In 1990, Quinn was cast as the recurring character Mark Healy, Becky Conner's boyfriend and later husband, in Roseanne in its third season and remained a series regular through its ninth and final season in 1997. In 1992, while still on Roseanne, Quinn also took a main role on the American and British TV series Covington Cross and in the same year, co-starred with Holly Marie Combs in the slasher film, Dr. Giggles. In 1997, he played dual roles in the horror anthology Campfire Tales.
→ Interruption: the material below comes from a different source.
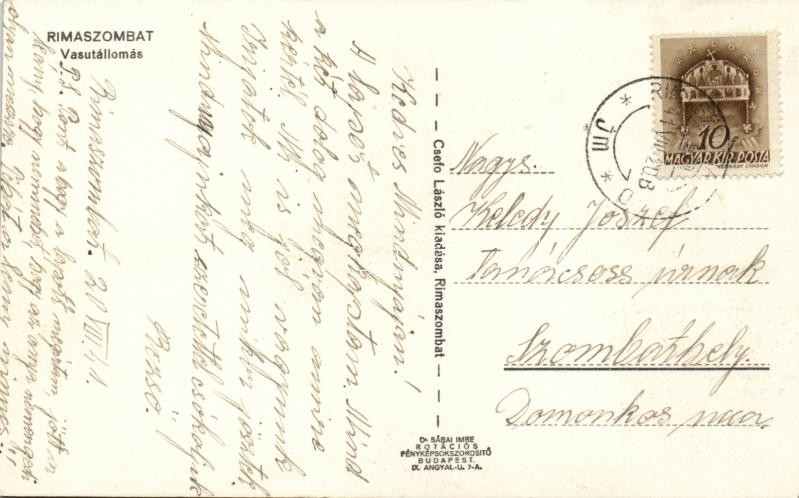 Rimaszombat railway station https://www.darabanth.com/de/16-Gross-Auktion/16.1/Ansichtskarten-Ungarn/Slowakei~4883/Rimaszombat-railway-station~II697272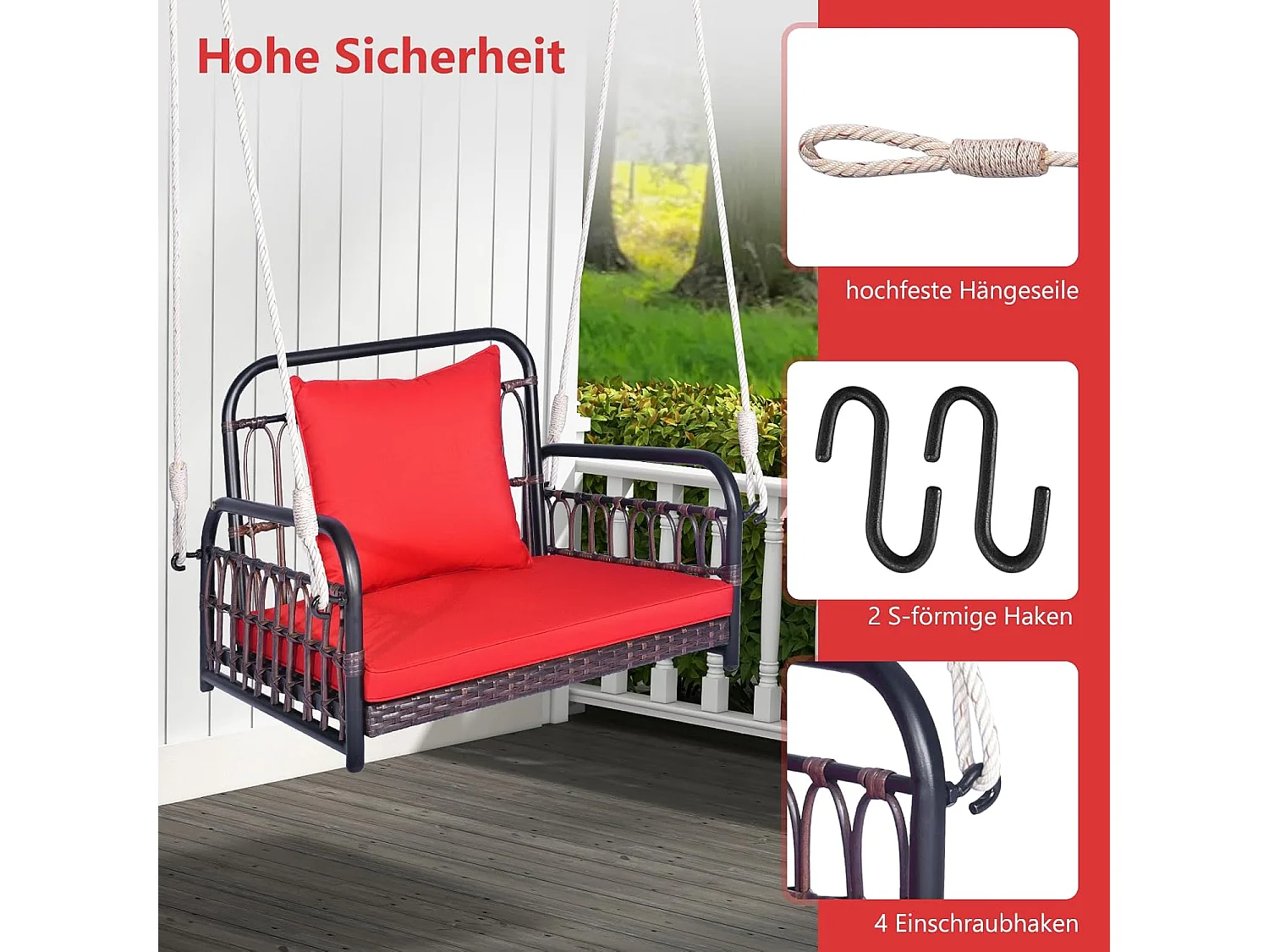 Hangstoel, terrasschommel, belastbaar tot 180 kg, hangstoel met zit- en rugkussens, metalen frame en hangtouwen, hangstoel voor veranda en achtertuinTI93553

In 1999, after seven years of using an American accent on Roseanne, Quinn was pleased when producers cast him in the role of Allen Francis Doyle on the Buffy the Vampire Slayer spin-off series, Angel. Although the character was not written as Irish, he was allowed to use his native Irish accent at the suggestion of series creator, Joss Whedon. In an interview with The Irish Times, he said of his accent, "I've been hiding it for so long that it's amazing to have some freedom. It was like putting on an old pair of shoes. It's bringing my soul back to life." Whedon stated that the character was supposed to die early in the first season, but the character became a fan favourite. Whedon informed Quinn and promised him a "hero's exit".

His last film was the dark comedy, R.S.V.P. (2002).

== Personal life ==
Quinn struggled with substance addiction in the time following Roseanne, a timeline confirmed by co-star Michael Fishman and Quinn's sister. Unable to maintain sobriety, he was eventually bought out as the owner of Goldfingers nightclub in Los Angeles in 1997. He returned to Ireland in 1997 to be with his family, who supported him in achieving short periods of sobriety and spent time in a drug and alcohol rehabilitation centre. He would later return to Los Angeles to resume his acting career.

== Death ==
On 3 December 2002, at the age of 32, Quinn was found dead at a friend's home in North Hollywood, California, where he had been staying for a few months. An autopsy found that he had died from an accidental drug overdose earlier that day.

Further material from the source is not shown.